## Action item:
Reproduce from the records below, with no pictures, exactly the lines between the one containing "plaque en recessie." and the one containing "店の売りは担々麺みたいですが", inclusive.

## Recorded data:
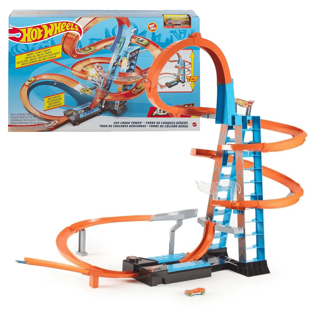 Трек Hot Wheels Хмарочос - супер крута опорна конструкція, висота якої дорівнює 60 см, призначена для гонок на великих швидкостях. З ігровим набором діти можуть не тільки запускати машинки вгору, але і здійснювати унікальні трюки, потрапляти в аварії при вільному падінні. Додатково Хмарочос може служити місцем парковки для 20 і більше автомобілів. До комплекту входять: хмарочос у розібраному вигляді, 1 машинка, інструкція. Гра з набором розвиває уяву, увагу, творчі здібності, фантазію і дрібну моторику. Рекомендовано дітям від 5-ти років.
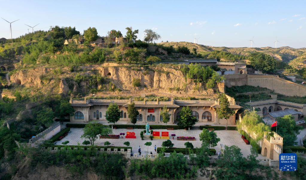 游人在陜西省榆林市米脂縣楊家溝革命舊址參觀(guān)(2021年9月10日攝,無(wú)人機照片)。新華社記者 陶明 攝
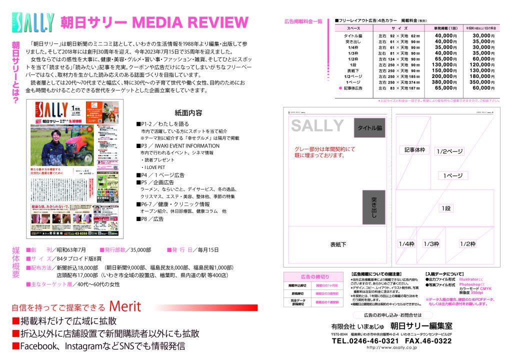 「朝日SALLY」は朝日新聞のミニコミ誌として、いわきの生活情報を1988年より編集・出版し、35年以上の実績があります。月2回発行して欲しいという読者やクライアントの声を反映し、新たに「シニア朝日サリイ」を平成15年4月創刊。しかし、「シニア」というくくりは、読者層が限定されてしまいがち。もっと多くの方に読んでいただきたいと、平成17年3月より、誌名を「スロー朝日サリイ」と改称しました。震災以降は被災地を応援する情報を主に掲載。地域に密着する姿勢を認められ、経済産業省後援の「ARUNO AWARD」では「地域密着部門賞」を受賞しました。
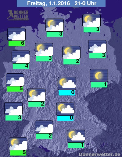 Heute Abend bleibt der Himmel über Sachsen und dem südlichen Brandenburg noch meist sternenklar, sonst ist es im Süden und Osten meist locker bis aufgelockert bewölkt und trocken. In den westlichen Landesteilen zieht sich der Himmel immer mehr zu, es bleibt aber trocken. In den übrigen Regionen ist es zumeist aufgelockert, teils aber auch stark bewölkt und ebenfalls trocken. Die Abendtemperatur liegt bei 6 Grad in Ostfriesland und um 0 Grad in Oberfranken.
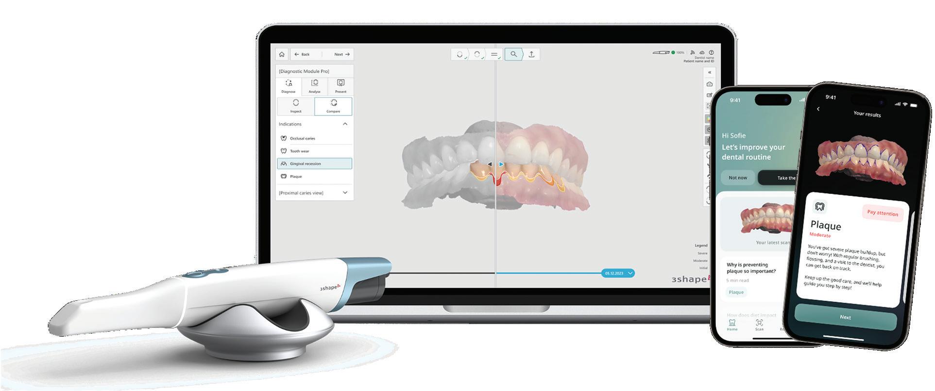 • Dx Plus compatibel – AI ondersteunde detectie en visualisatie van o.a. cariës, slijtage, plaque en recessie.
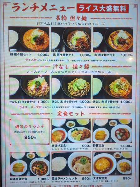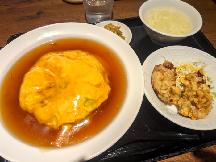 店の売りは担々麺みたいですが、こないだ王将で食べたばかりだったのでパス、890円の天津飯定食をオーダーしました。
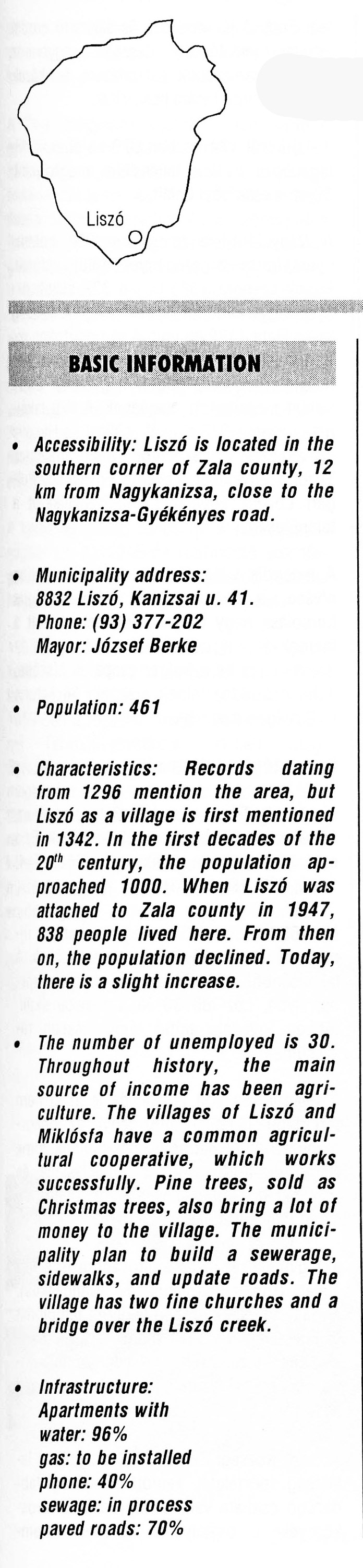 Nyilvános 2891 | 7466 | Rövid leírás | Teljes leírás (1.67 KB) | Liszó BASIC INFORMATION Accessibility: Liszó is located in the southern corner of Zala county, 12 km from Nagykanizsa, close to the Nagykanizsa-Gyékényes road. Municipality address: 8832 Liszó, Kanizsai u. 41. Phone: (93) 377-202 Mayor: József Berke Population: 461 Characteristics: Records dating from 1296 mention the area, but Liszó as a village is first mentioned in 1342. In the first decades of the 20th century, the population approached 1000. When Liszó was attached to Zala county in 1947, 838 people lived here. From then on, the population declined. Today, there is a slight increase. The number of unemployed is 30. Throughout history, the main source of income has been agriculture. The villages of Liszó and Miklósfa have a common agricultural cooperative, which works successfully. Pine trees, sold as Christmas trees, also bring a lot of money to the village. The municipality plan to build a sewerage, sidewalks, and update roads. The village has two fine churches and a bridge over the Liszó creek. Infrastructure: Apartments with water: 96% gas: to be installed phone: 40% sewage: in process paved roads: 70% This text came from the following book: Title: Handbook of Zala county (Zala megye kézikönyve) Series: County handbooks of Hungary (Magyarország megyei kézikönyvei) Chief editor: Hóbor József Publisher: (Hatvan), CEBA-Hungary Ltd, 1998 ETO: 908.439.121(035) ; 050.8(439.121) ISBN: 963-9089-18-2 Pages: 488-1040 p. Remark: Closed on: 1998. márc. 31. |
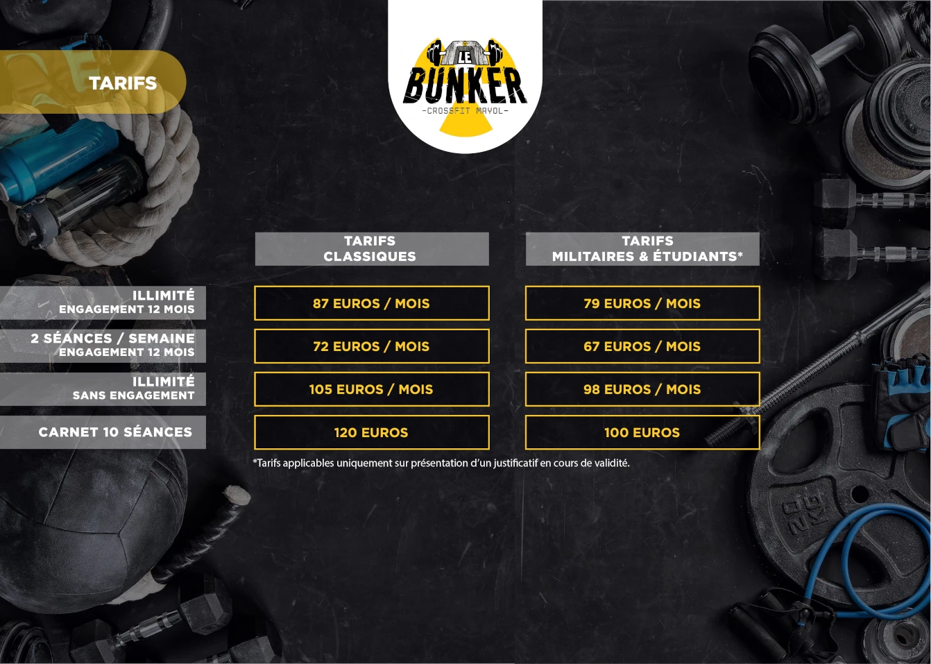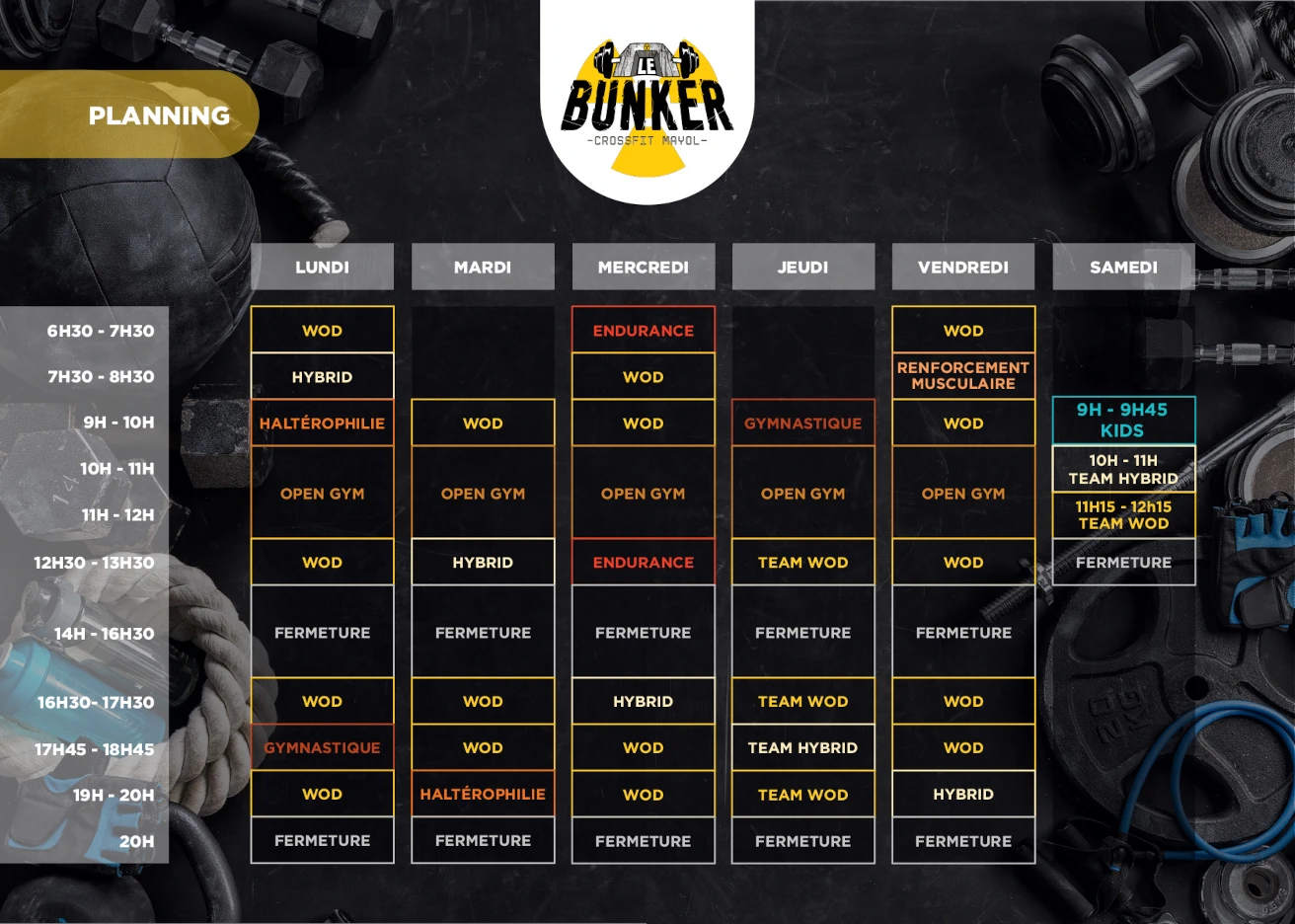 Rejoignez-nous pour découvrir la force d’un esprit d’équipe et le plaisir de vous surpasser dans un cadre stimulant. Au Bunker, c’est la performance et la convivialité qui priment. Préparez-vous à relever des défis, à progresser et à transformer votre quotidien. Ensemble, bâtissons une version plus forte de vous-même !
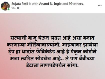 जामिनावर सुटल्यानंतर सुजाता पाटील यांनी फेसबुकवर पोस्ट करून संताप व्यक्त केला आहे. या पोस्टमध्ये त्यांनी सत्याची बाजू घेऊन लढत आहे असा बनाव करणाऱ्या मीडियावाल्यांनो, माझ्यावर झालेला ट्रॅप हा धादांत फॅब्रिकेटेड आहे. हे ऐकून कोर्टाने मला त्वरित सोडलेले आहे. ते पण बेंबीच्या डेटाला ताण पडेपर्यंत सांगा. अशा संतप्त भावना व्यक्त केल्या आहेत.
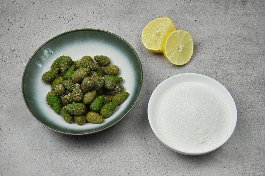 В первую очередь для варки варенья подготовьте шишки или молодые побеги сосны. Они должны быть собраны в период весны, с мая по июнь. Вдали от дорог, города, предприятий, с молодых деревьев и размер шишек не должен превышать 3 сантиметров.
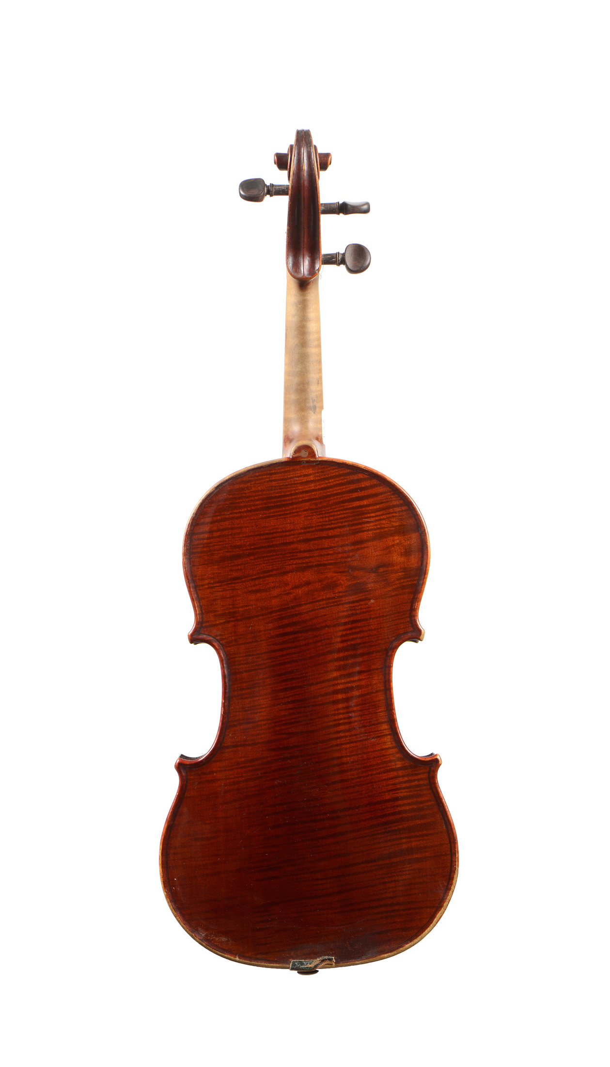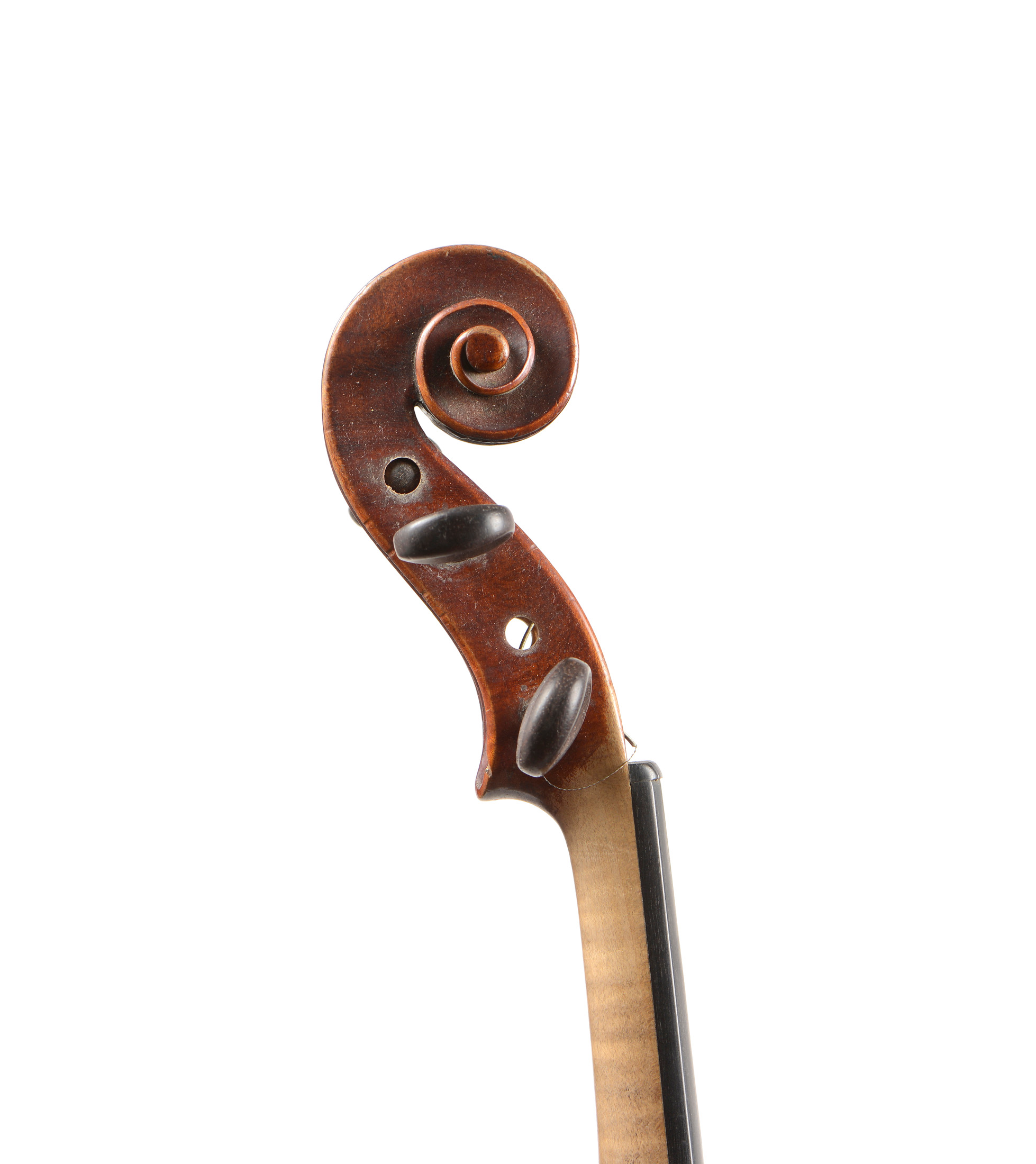 dont il porte la marque au fer "A la ville de Padoue". Fond d'une pièce. Vernis brun sur fond rouge. Diverses casssures réparées sur la table, dont une cassure d'âme. 363 mm. Avec Archet.
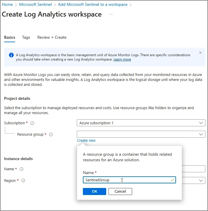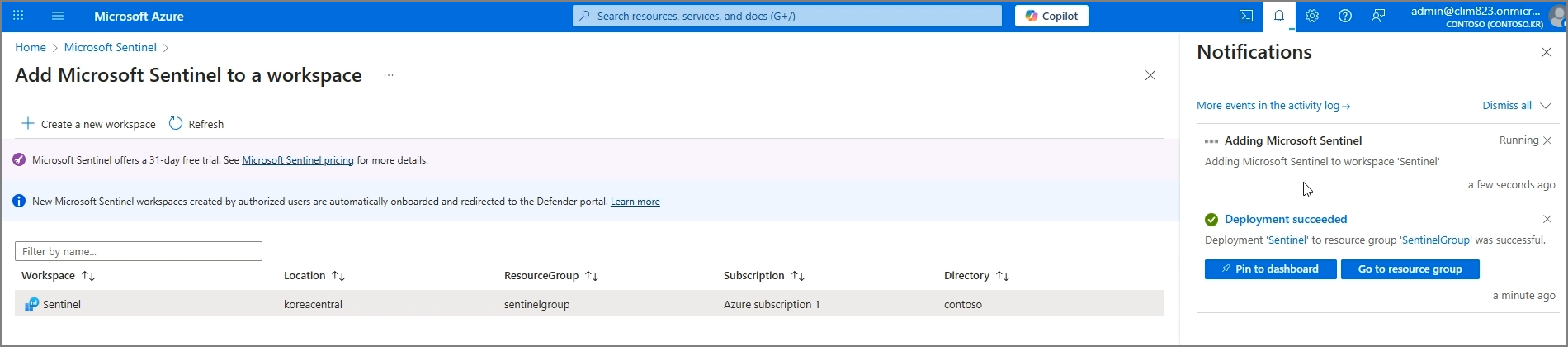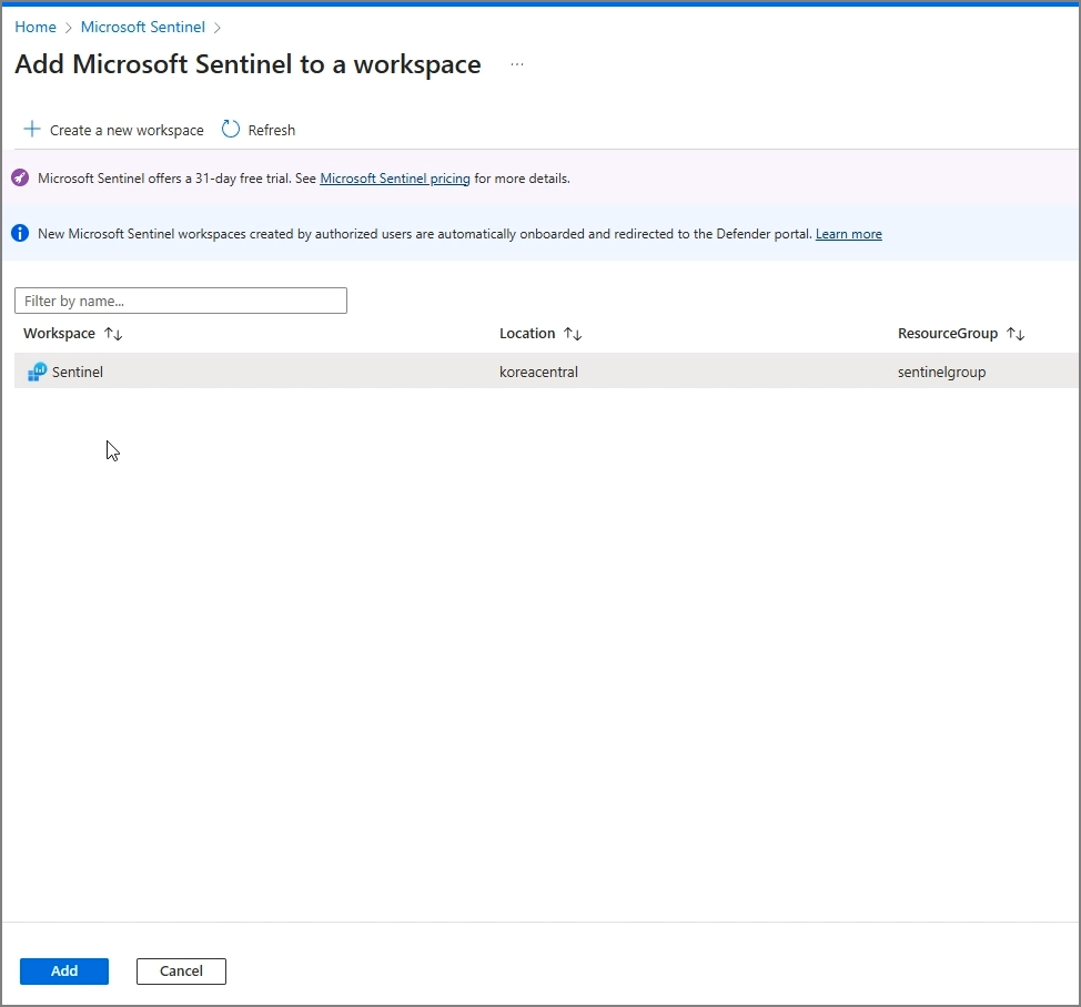 다시 Sentinel로 이동하여 Create new Microsoft Sentinel

## Answer to this problem:
 • Dx Plus compatibel – AI ondersteunde detectie en visualisatie van o.a. cariës, slijtage, plaque en recessie.
 店の売りは担々麺みたいですが、こないだ王将で食べたばかりだったのでパス、890円の天津飯定食をオーダーしました。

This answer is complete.